Thanks for the rapid response.  I have a lousy photo.  I think this is the solution:  http://www.dalco.com/p-2552-cat5-rj45-inline-coupler-black.aspx
That coupler in the link looks as if it has minimal outside dimensions.  The male plug is arranged upside down with the catch lug on the bottom which matches the socket; i.e. there is no cross connection it is pin for pin.  If I can get the coupler to fit into the roughly 19mm X 16 mm (not counting the "arch roof" feature of the cut out) space, I can then rig a standard male to male patch chord to the little control panel.

The "male" end of the Hitachi RJ45/CAT5 is a little array of pins that engages the more standard looking RJ45 socket on the little control panel (the little panel simply snaps into place and automatically engages pin to pin).  There is a little "doghouse" cutout in the body of the VFD (as described beforehand) that prevents the big "fat" couplers from Radio Shack/Best Buy/ etc. from engaging the coupler.  I guess the manufactures of the current line of couplers has decided to make them large for visibility and easy for gorilla hands to deal with.

As an old geezer used to octal base systems for relays, tubes, etc., the current state of lack of compatibility is appalling.  My son is an IT geek and I asked him.  He said that routers have reduced the options for CAT5.  I was shocked to learn that cross over cables use the same configuration as straight through wiring.  That kind of insanity never would have been approved by previous generations of EE's and standards organization.  Technology moving too fast for logic.
Thanks for your post and I welcome any comment you have.  Geoff Morgan


----------



## 110octane (Jun 1, 2013)

Deleted.  Again JPEG photo file nightmare.


----------



## 110octane (Jun 1, 2013)

Canceled  I will PM  Thanks.


----------



## Tony Wells (Jun 1, 2013)

PM received and replied to.


----------



## 110octane (Jun 3, 2013)

The confusion is over.  If anyone has trouble identifying how to connect the control pad remotely to the Hitachi SJ200 series VFD, the little male RJ45 extension that connects the removable pad to the body of the unit snaps out in the manner of a typical RJ45 connector.  The little coupler comes out and then a standard CAT5 or 5e patch chord may be installed.
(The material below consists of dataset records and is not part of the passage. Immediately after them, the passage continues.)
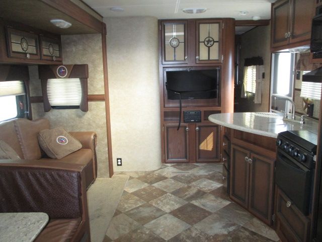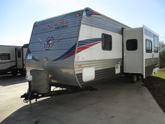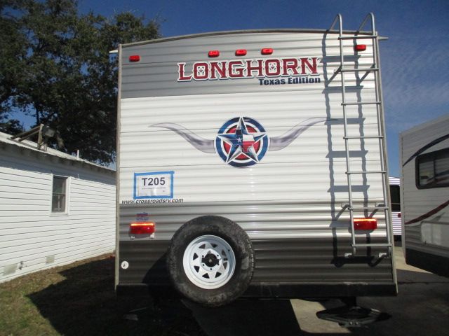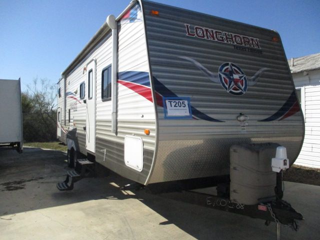 This 2014 Longhorn has an Electric Tongue Jack, 1 Slide-out, 1 Non-Ducted And 1 Ducted Air Conditioner, Double Door Gas/110V Norcold Refrigerator, Automatic Main Awning, CD Radio, Outside Speakers, TV, DVD Player, Outside Shower, Microwave, 3 Burner Range, Oven. Great floorplan for families who love to go on those long vacations. Let's go RVing!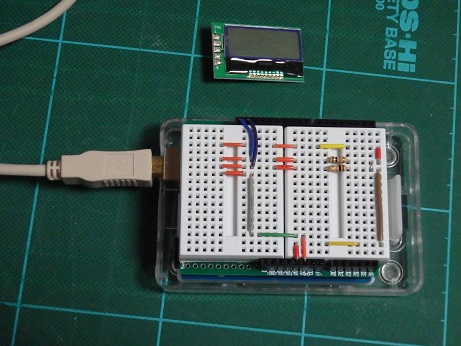 秋月電子の付属説明書などを参考に、ロマンチック・アイロニーさんのスケッチを手本として、電源電圧が5Vで動作するスケッチに変更(Power/IconControle/ContrastSetのBonをoffにするだけ)し、UNOに書き込んだところ、正常に動作した。I2CでLCDを使う上で、注意すべき点をいくつか、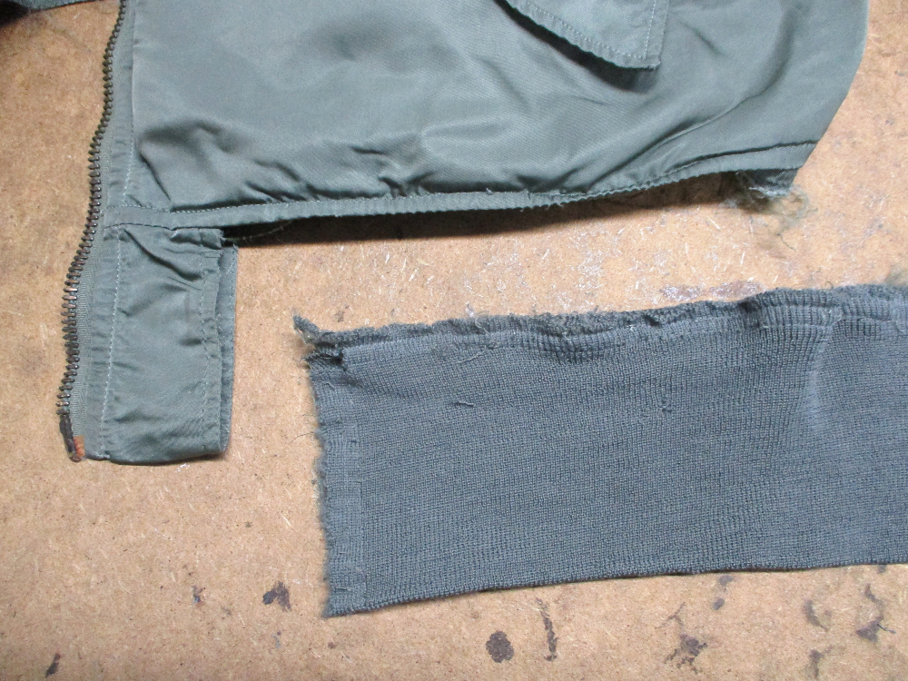 破れだしたB-15フライトジャケットのリブニットを新しいものに交換して…

The confusion was cleared up by locating a different edition of the O&M manual (on line as opposed to the print version that came with the unit).  The on line detail showed how the little connector snaps out.  I do recommend always being extremely careful with printed circuit boards, etc.  I was very apprehension of prying and pulling on this connector without concise instructions.
Geoff Morgan


----------



## Tony Wells (Jun 4, 2013)

So it was a male-male adapter?


----------



## 110octane (Jun 4, 2013)

Tony Wells said:


> So it was a male-male adapter?



That is correct, it appears to be a custom made little spud.  The "second edition" handbook I found has illustrations of how to remove it and install the standard male RJ45 connector.  Guess Hitachi figured out a lot of end users weren't that sophisticated as to the configuration.  That sure includes me!
So far the unit is operating very well.  The motor seems to develop full torque over the operating range.  I chucked up a 17/32" drill and just went hogging into a piece of cold rolled with nice curly chips and plenty of feed.  If this is an indication, this is going to be a very useful machine.
Thanks, Geoff


----------



## mrbreezeet1 (Jun 4, 2013)

PurpLev said:


> I pretty much added what you mentioned in the OP: a POT, and a master ON/OFF switch to cut input into VFD to turn it off at the of day:as an FYI - I drilled a 1" hole on top, and one on the bottom to allow  fresh air to circulate in the box (hot air goes up, cool air comes from  bottom) to prevent overheating of the VFD.



View attachment 48163

No problem with heat build up then? 
Do you think much dirt can get to it through the vent holes?
Where did you get the box, and are they expensive?


----------



## PurpLev (Jun 4, 2013)

mrbreezeet1 said:


> No problem with heat build up then?



I didn't encounter any heat build up as of yet, I also run smaller projects, and don't really have it on 24/7, but when I do work, the VFD is on for the duration of my shop time and its running like a champ. The VFD itself has a fan that circulates the air and in my setting seems to be sufficient. If your VFD generates more heat, you can always add an additional 12v (computer type) fan to the enclosure to help circulate the air faster.



mrbreezeet1 said:


> Do you think much dirt can get to it through the vent holes?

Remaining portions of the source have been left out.